In Iceland the year started, not only with a lot of ice, but with the Icelandic construction sector gathering to discuss how to improve the sustainability and circularity of their sector. Here, the entire construction value chain was represented by engineers, architects, real estate agencies and the Icelandic government, who all want and need to work together to implement circularity.
The participants received an overview on the ways the Nordic countries are collaborating on the green transition of the construction sector and recent examples of sustainable construction projects in Iceland. Helle Redder Momsen also introduced Nordic Sustainable Construction’s work on moving towards circularity across the Nordic construction sector.
A green construction roadmap with 74 actions to keep momentum
At the event, it was clear that the Icelandic construction sector is moving fast and on the right track towards sustainability, for instance through the roadmap to sustainable construction, which was launched in June 2022 and is available in English here.

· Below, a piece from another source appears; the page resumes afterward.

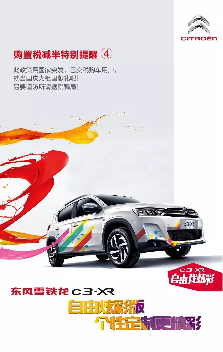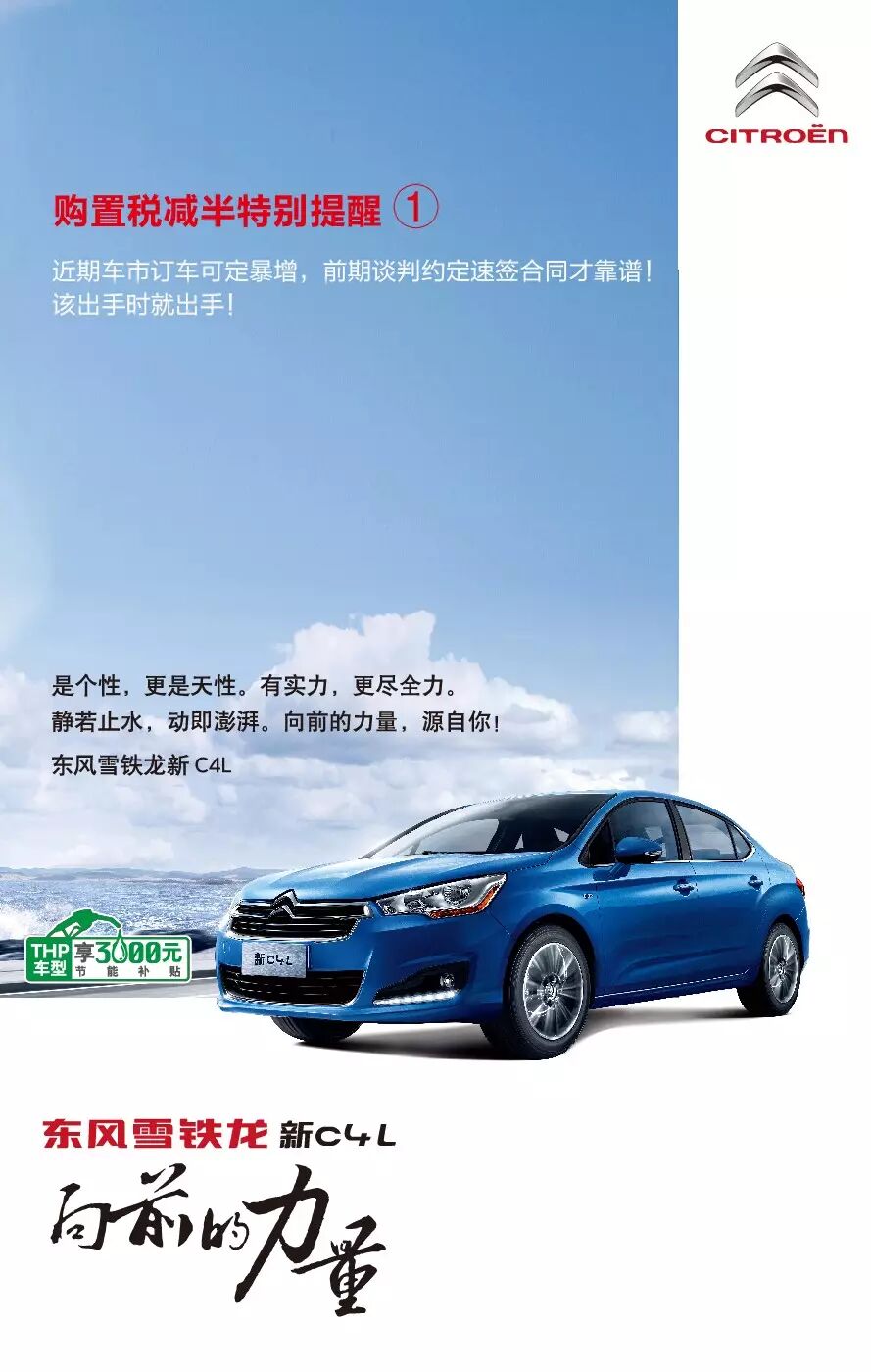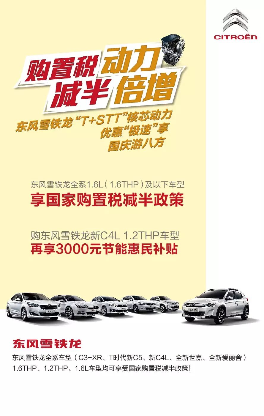 根据这一政策,东风雪铁龙全系车型(C3-XR、T时代新C5、新C4L、全新世嘉、全新爱丽舍)1.6THP、1.2THP、1.6L车型均可享受国家购置税减半政策!国庆长假将至,购车购置税又减半,这样的双重喜事,小伙伴的小心肝可还受得了吗?如果你内心如此强大,那看来我还要加点猛料了。购新C4L1.2THP车型除购置税减半外再享3000元国家节能惠民补贴!光政策的实际优惠力度超过8000元,这下够你心蹦蹦跳跳、灵魂快要出窍了吧?这等好事还不赶紧约上亲朋好友们来个大团购?下次一起自驾游,一群帅哥靓女,齐刷刷的东风雪铁龙,回头率多高,多有面子呀~

This roadmap informs about emission and waste from the Icelandic construction sector and sets goals for 2023 as well as 74 actions to reach these goals of a greener construction industry.
The Icelandic construction sector simply needs to keep the momentum which might be easier in a smaller community where it is easier to gather all relevant stakeholders and find ways forwards together, just as in this Round Table for Circularity workshop.
Some of the key take away from the workshop and following conference were:
- The participants fully agreed on the urgency of transitioning towards circular and sustainable construction
- A strong collaboration between stakeholders and a dynamic research centre for the construction industry are necessary
- New buildings should be designed with an emphasis on reuse and flexibility
- Older buildings need to be redesigned and reutilised, and for this a market square for used construction materials is needed
- An emphasis on the need for bans and regulations regarding circularity in addition to the usual financial incentives
- A green incentive system for the construction industry is necessary
- A shift in cultural aesthetics from clean lines in moderns buildings towards seeing the beauty in imperfections and in the history of reused materials
- A necessity of taking risks and allowing mistakes while transitioning to circular economy
The workshop was organised by Icelandic Design and Architecture, Efla engineers, Architectures Association of Iceland and Green Building Council Iceland in collaboration with the Federation of Icelandic Industries, The Government Property Agency and Reykjavík City.